Canal Winchester land use plan

Armed with colorful maps detailing future land use, a temporary Canal Winchester planning committee ended its four-month-long mission with a presentation to a joint meeting of Canal Winchester Village Council and the village’s planning and zoning commission.

"(Mayor) Mike (Ebert) wanted to do some community planning and I wanted to do some parks planning," said Council President Rick Deeds. "That’s how the land use plan came about. It’s not to be construed as an annexation plan. It’s a land use plan so we don’t have things like an industrial park next to a residential development. We laid out the plan and it will really help discussions down the road, which goes hand-in-hand with the thoroughfare plan that was presented by EMH&T in a rough draft form. The thoroughfare plan helps with capital projects. From a planning perspective, this is just the start of other plans."

In addition to the mayor and Deeds, committee members included Development Director Chris Strayer, Planning and Zoning Administrator Alan Neimayer, Public Works Director Matt Peoples, Councilwoman Leah Turner, Main Street Canal Winchester Executive Director John Garrett, Bob Garvin, Steve Donahue, and Roger White.

According to land use statistics provided by the committee, the village encompasses over 4,630 acres.
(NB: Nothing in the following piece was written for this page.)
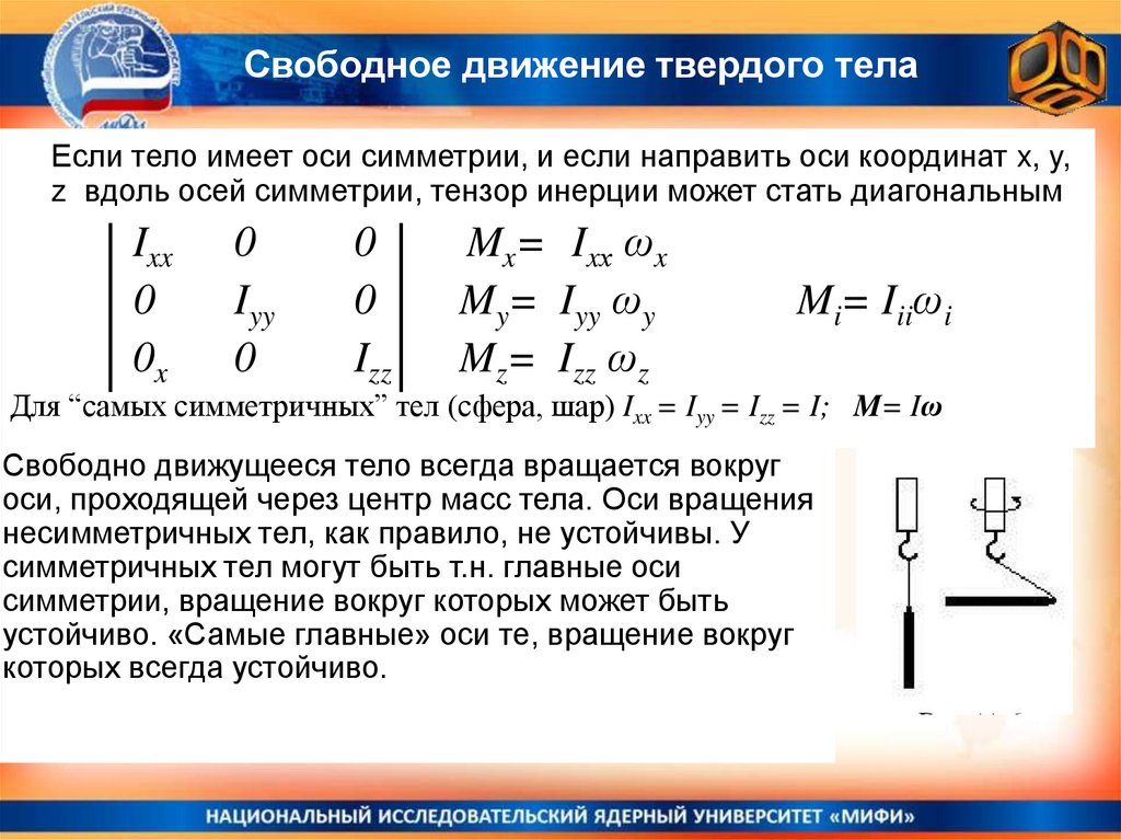Свободное движение твердого телаЕсли тело имеет оси симметрии, и если направить оси координат x, y,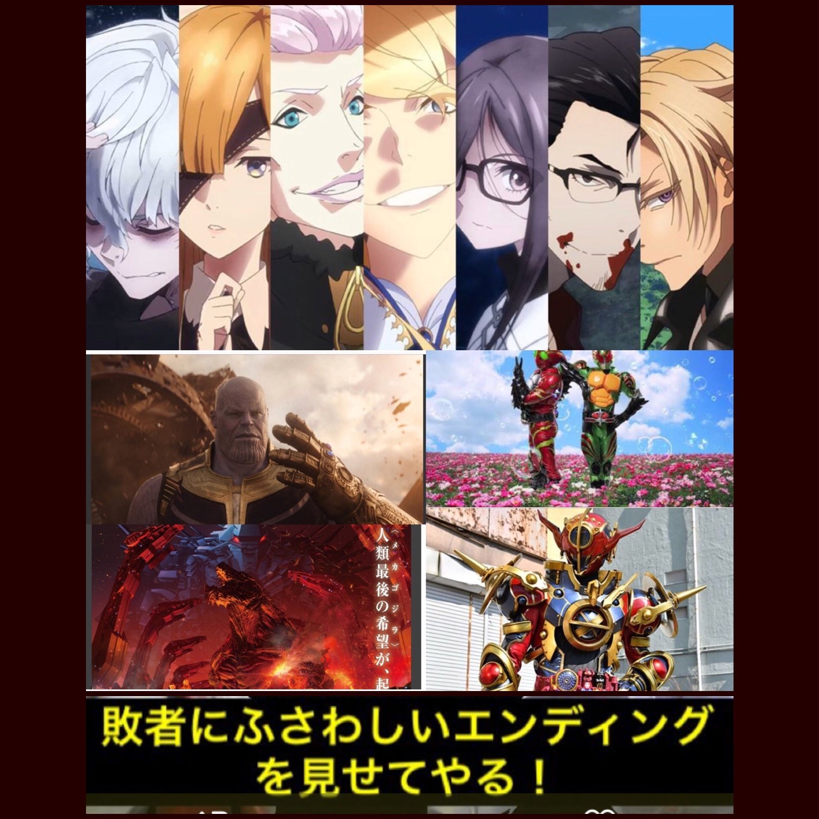 特撮的なお約束守らずに手段選ばないなら上の7人の内一人でも十分ムテキ相手に勝ち目あると思うぞ。サノスと違って絶対とは言えないがゴジラ・ランペイジ見終わったから夜にアマンゾンズ見に行くぜ

In 1991, 67 percent of Canal Winchester was agricultural with 2,432 acres. Today, the percentage is approximately 35 percent with 1,524 acres, but is still the highest use category.

Parks and open space increased from 363 acres in 1991 to 640 acres in 2008. Single family residential more than doubled to 876 acres, while multi-unit residential jumped from 7.8 acres to more than 79 acres. Commercial/retail space was two percent of the village’s total acreage 17 years ago and is now almost six percent. al/warehouse acreage dropped slightly from 110 acres to 108 acres.

"When you look at industrial/warehouse space, it is only 2.5 percent of the total, yet it generates the most property and income tax for Canal Winchester," said Strayer. "But when you look at the percentages, they’re skewed in the direction of residential. We need to look at more office space (2.4 acres in 1991, 7.1 acres today). The committee assessed future land use, such as positioning of land around the interchange suits itself for retail. Around the railroad and areas like Rickenbacker, it’s more industrial. We looked at what are the highest and best uses."

Land use mapping projects the bulk of future industrial use centered in an area bordered by the former air base, London-Lancaster Road, Richardson Road, and Hayes Road, with another area of concentration along Rager Road and in an area bordered by U.S. Route 33 and Amanda-Northern Road NW.

"The next step is to get comments from planning and zoning and then from the council," continued Strayer. "Eventually, it’ll become a planning document we can use for future development."